Hydrochlorothiazide is a thiazide diuretic. The mechanism of antihypertensive effect of thiazide
diuretics is not fully known. Thiazides affect the renal tubular mechanisms of electrolyte
reabsorption, directly increasing excretion of sodium and chloride in approximately equivalent
amounts. The diuretic action of hydrochlorothiazide reduces plasma volume, increases plasma renin
activity,increases aldosterone secretion, with consequent increases in urinary potassium and
bicarbonate loss, and decreases in serum potassium. Presumably through blockade of the reninangiotensin-
aldosterone system, co-administration of irbesartan tends to reverse the potassium loss
associated with these diuretics. With hydrochlorothiazide, onset of diuresis occurs in 2 hours, and
peak effect occurs at about 4 hours, while the action persists for approximately 6-12 hours.
The combination of hydrochlorothiazide and irbesartan produces dose-related additive reductions
in blood pressure across their therapeutic dose ranges. The addition of 12.5 mg hydrochlorothiazide
to 300 mg irbesartan once daily in patients not adequately controlled on 300 mg irbesartan alone
resulted in further placebo-corrected diastolic blood pressure reductions at trough (24 hours postdosing)
of 6.1 mm Hg. The combination of 300 mg irbesartan and 12.5 mg hydrochlorothiazide
resulted in an overall placebo-subtracted systolic/diastolic reductions of up to 13.6/11.5 mm Hg.
Limited clinical data (7 out of 22 patients) suggest that patients not controlled with the 300 mg/12.5
mg combination may respond when uptitrated to 300 mg/25 mg. In these patients, an incremental
blood pressure lowering effect was observed for both systolic blood pressure (SBP) and diastolic
blood pressure (DBP) (13.3 and 8.3 mm Hg, respectively).

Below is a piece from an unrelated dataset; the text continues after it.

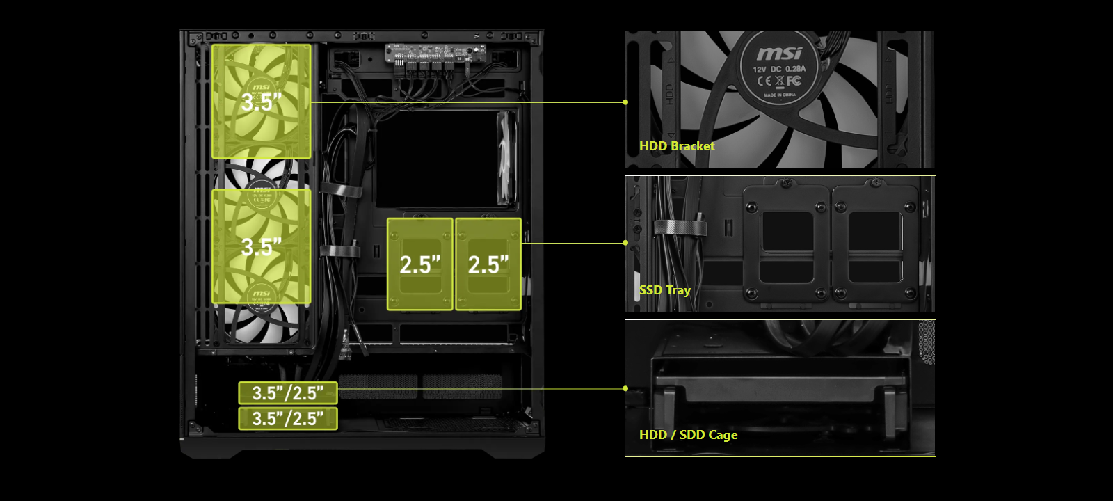 💾 Drive Support: 2x 2.5”, 2x 3.5”, 2x combo (2.5”/3.5”)

Once daily dosing with 150 mg irbesartan and 12.5 mg hydrochlorothiazide gave systolic/diastolic
mean placebo-adjusted blood pressure reductions at trough (24 hours post-dosing) of 12.9/6.9 mm
Hg in patients with mild-to-moderate hypertension. Peak effects occurred at 3-6 hours. When
assessed by ambulatory blood pressure monitoring, the combination 150 mg irbesartan and 12.5 mg
hydrochlorothiazide once daily produced consistent reduction in blood pressure over the 24 hours
period with mean 24-hour placebo-subtracted systolic/diastolic reductions of 15.8/10.0 mm Hg.
When measured by ambulatory blood pressure monitoring, the trough to peak effects of CoIrbetel
150 mg/12.5 mg were 100%. The trough to peak effects measured by cuff during office visits were
68% and 76% for CoIrbetel 150 mg/12.5 mg and CoIrbetel 300 mg/12.5 mg, respectively. These
24-hour effects were observed without excessive blood pressure lowering at peak and are consistent
with safe and effective blood-pressure lowering over the once-daily dosing interval.

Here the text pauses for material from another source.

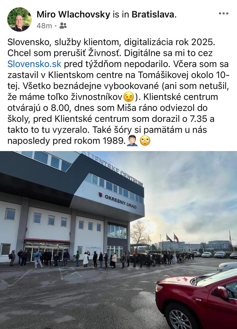 „Včera som sa zastavil v klientskom centre na Tomášikovej, okolo 10-tej. Všetko beznádejne vybookované (ani som netušil, že máme toľko živnostníkov). Klientske centrum otvárajú o 8:00 hod., dnes som Miša ráno odviezol do školy, pred klientske centrum som dorazil o 7:35 hod. a takto to tu vyzeralo. Také šóry si pamätám u nás naposledy pred rokom 1989,“ napísal na sociálnom médiu bývalý minister zahraničných vecí počas úradníckej vlády Miroslav Wlachovský.

In patients not adequately controlled on 25 mg hydrochlorothiazide alone, the addition of irbesartan
gave an added placebo-subtracted systolic/diastolic mean reduction of 11.1/7.2 mm Hg.
The blood pressure lowering effect of irbesartan in combination with hydrochlorothiazide is

apparent after the first dose and substantially present within 1-2 weeks, with the maximal effect
occurring by 6-8 weeks. In long-term follow-up studies, the effect of irbesartan/hydrochlorothiazide
was maintained for over one year. Although not specifically studied with the CoIrbetel, rebound
hypertension has not been seen with either irbesartan or hydrochlorothiazide.

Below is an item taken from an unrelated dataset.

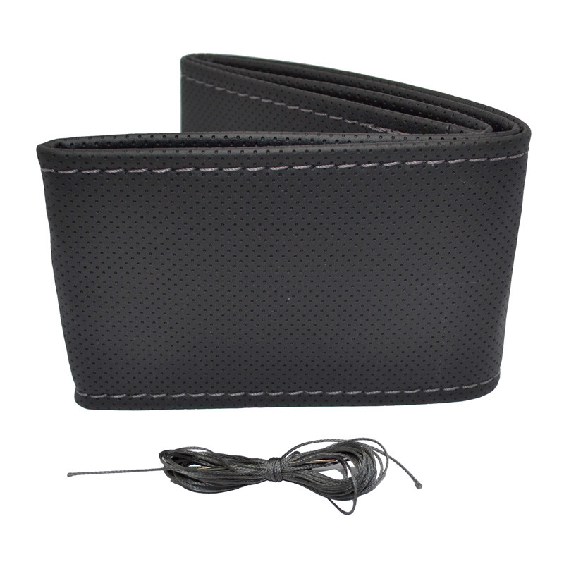 Housse de volant universel Classic - Cuir PVC perforé noir + Couture gris (laçage)
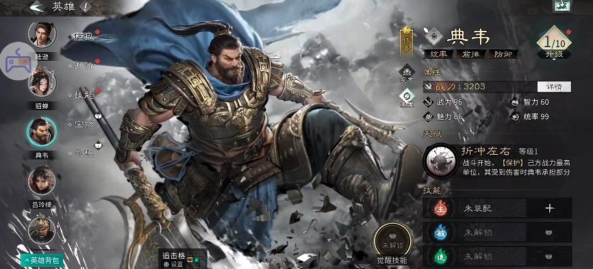 为了弥补黄忠的短板,三分弓队引入了典韦这位猛将。典韦的天赋技能 “折冲左右”,在战斗中作用显著。他能够敏锐地察觉到己方战力最高的英雄(通常即为黄忠),并迅速对其展开保护。当黄忠受到伤害时,典韦会挺身而出,承担部分伤害,同时还能发动强有力的反击,给予敌人一次攻击。这一技能不仅大大提升了队伍的整体生存能力,还让敌人在攻击黄忠时,不得不有所顾忌,因为他们很可能会遭受典韦的反击。在实际战斗中,典韦就如同队伍的坚实护盾,守护着黄忠,让黄忠能够在相对安全的环境下进行输出。

The effect of the combination of irbesartan and hydrochlorothiazide on morbidity and mortality has
not been studied. Epidemiological studies have shown that long term treatment with
hydrochlorothiazide reduces the risk of cardiovascular mortality and morbidity.
There is no difference in response to CoIrbetel, regardless of age or gender. As is the case with other
medicinal products that affect the renin-angiotensin system, black hypertensive patients have
notably less response to irbesartan monotherapy. When irbesartan is administered concomitantly
with a low dose of hydrochlorothiazide (e.g. 12.5 mg daily), the antihypertensive response in black
patients approaches that of non-black patients.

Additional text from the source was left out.